The foregoing description, for purposes of explanation, used specific nomenclature to provide a thorough understanding of the invention. However, it will be apparent to one skilled in the art that specific details are not required in order to practice the invention. Thus, the foregoing descriptions of specific embodiments of the invention are presented for purposes of illustration and description. They are not intended to be exhaustive or to limit the invention to the precise forms disclosed; obviously, many modifications and variations are possible in view of the above teachings. The embodiments were chosen and described in order to best explain the principles of the invention and its practical applications, they thereby enable others skilled in the art to best utilize the invention and various embodiments with various modifications as are suited to the particular use contemplated. It is intended that the following claims and their equivalents define the scope of the invention.

Claims

1. An intra-picture prediction processor, comprising:

a first stage processing block to process incoming video data to identify intermediate intra-picture prediction information including a best intra-picture prediction angle and a best intra-picture block size; and

a second stage processing block operating on reconstructed blocks of video data to select final intra-picture prediction information for the reconstructed blocks of video data based upon the best intra-picture prediction angle and the best intra-picture block size.
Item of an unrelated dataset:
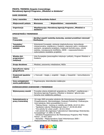 PROFIL TRENERA Zespołu trenerskiego Narodowej Agencji Programu „MłodzieŜ w działaniu” DANE OSOBOWE Imię i nazwisko Marta Brzezińska-Hubert Miejscowość pobytu Warszawa Organizacja Współpracuję z Narodową Agencją Programu „MłodzieŜ w działaniu” Województwo mazowieckie UMIEJĘTNOŚCI TRENERSKIE Intro Trenerskie Spróbuj zapalić maleńką świeczkę, zamiast przeklinać ciemność Tematyka/ problematyka szkoleń Wolontariat Europejski, edukacja międzykulturowa, komunikacja interpersonalna, współpraca z mediami, włączanie osób z mniejszymi szansami, zarządzanie projektem, kreatywne techniki pracy, rozwój osobisty, rozwiązywanie konfliktów, DEOR – rozpowszechnianie i wykorzystanie rezultatów projektów Wiedza dot. programów i instytucji Unia Europejska (poszczególne instytucje i polityki), Program MłodzieŜ w Działaniu Grupy docelowe MłodzieŜ, pracownicy młodzieŜowi, NGOs Specyficzne rejony geograficzne - Znajomość języków obcych j. francuski – biegła, j. angielski – biegła, j. hiszpański – komunikatywna Inne umiejętności warte podkreślenia Organizacyjne, dziennikarsko-redakcyjne Konfucjusz DOŚWIADCZENIE ZAWODOWE I TRENERSKIE Wykonywany zawód Prowadzę własną działalność gospodarczą „MontMart”; współpracuję z Narodową Agencją Programu „MłodzieŜ w działaniu” głównie jako trenerka oraz redaktorka publikacji. Doświadczenie w pracy trenerskiej Od maja 2005 prowadzę szkolenia dla Wolontariuszy Europejskich: Przygotowawcze, Wprowadzające, Ewaluacji Pośredniej i Ewaluacyjne. Inne szkolenia, które prowadziłam to m.in.: - "Making Waves - training on visibility and DEOR, 04-07.IV.2011 - "Spotkanie Liderów MłodzieŜowych Akcji 1", 02-05.XII.2010 - "Cre-activity for urban youth", 18-22.V.2010 - Cykl szkoleń dla organizacji "Laboratorium Optymalnego Wolontariatu Europejskiego" (X 2009, IV 2010) - Szkolenie Przygotowawcze dla Wolontariuszy Programu MSZ "Polska Pomoc", 23-30.V.2010 - Warsztaty - Międzynarodowy Dzień Wolontariusza 2005 i Międzynarodowe Dni MłodzieŜy 2007 ŚcieŜka edukacyjna (zarówno edukacja formalna, jak i uczenie nieformalne) 09.2003-09.2004 Ośrodek Studiów Społecznych Instytutu Filozofii i Socjologii Polskiej Akademii Nauk i Lancaster University: Master of Arts in Sociology 09.1997-03.2003 Akademia Ekonomiczna w Poznaniu: magister Międzynarodowych Stosunków Gospodarczych i Politycznych. Specjalność: Studia Europejskie 05.2001-10.2001 staŜ w ramach Programu Unii Europejskiej „Leonardo da Vinci” w międzynarodowym przedsiębiorstwie Darwin S.A. w Morlaix (Francja) 02.2000 - 07.2000 – Aalborg Universitet (Dania) – stypendium w ramach Programu „Sokrates-Erasmus” (Specjalność: Studia Europejskie) Edukacja pozaformalna: 11.10.2009 – 27.06.2010 Training of Trainers for European Youth in Action Projects (Międzynarodowe Szkolenie dla Trenerów Programu „MłodzieŜ w działaniu”) Graz (Austria), Malaga (Hiszpania), Amendolea (Włochy) 18.11.2008 – 22.11.2008 Szkolenie: „Rozwój kompetencji trenerskich w rozwiązywaniu konfliktów z uwzględnieniem kontekstu międzykulturowego”, Konstancin-Jeziorna, Pracownia Psychologiczna ElŜbieta Sołtys 27-30.11.2007 Szkolenie: „Perspektywa zarządzania róŜnorodnością w pracy trenerskiej”, firma szkoleniowa „Idea zmiany” 28.11.2006 - 02.12.2006 „NEXT STEPS-NEW LIFE?!” – międzynarodowe szkolenie dla trenerów Wolontariatu Europejskiego, Poronin, Narodowa Agencja Programu MŁODZIEś 19-23.04.2006 – „Drama as a tool in youth exchanges” – Międzynarodowy Kurs Szkoleniowy , Jadwisin , Narodowa Agencja Programu MŁODZIEś Stowarzyszenie Praktyków Dramy „STOP-KLATKA” 10-14.12.2005 „Budowanie zespołu”, Nowa Górka, Polski Instytut Ericksonowski 02.2002- 10.2002 Wolontariat Europejski (EVS) we „Foyer des Jeunes Traveilleurs”, Nimes (Francja) 09.1997-03.2001 – udział i organizacja projektów, konferencji i programów międzynarodowych w ramach Międzynarodowego Stowarzyszenia Studentów Nauk Ekonomicznych i Handlowych AIESEC: 6 tygodni w Komitecie Lokalnym AIESEC ESCP w ParyŜu oraz 3 miesiące w Komitecie Lokalnym AIESEC Donostia (Hiszpania) w ramach wymiany międzykulturowej CEED KONTAKT E-mail Tel. Komórkowy [email protected] +48 602 651 581

2. The intra-picture prediction processor of claim 1 wherein the first stage performs parallel processing operations on incoming video data blocks.

3. The intra-picture prediction processor of claim 1 wherein the first stage utilizes substantially more processing cycles than the second stage.

4. The intra-picture prediction processor of claim 1 wherein the first stage processes reduced resolution video corresponding to the incoming video.

5. The intra-picture prediction processor of claim 1 wherein the second stage processing block is invoked in response to the best intra-picture prediction angle exceeding a cost threshold.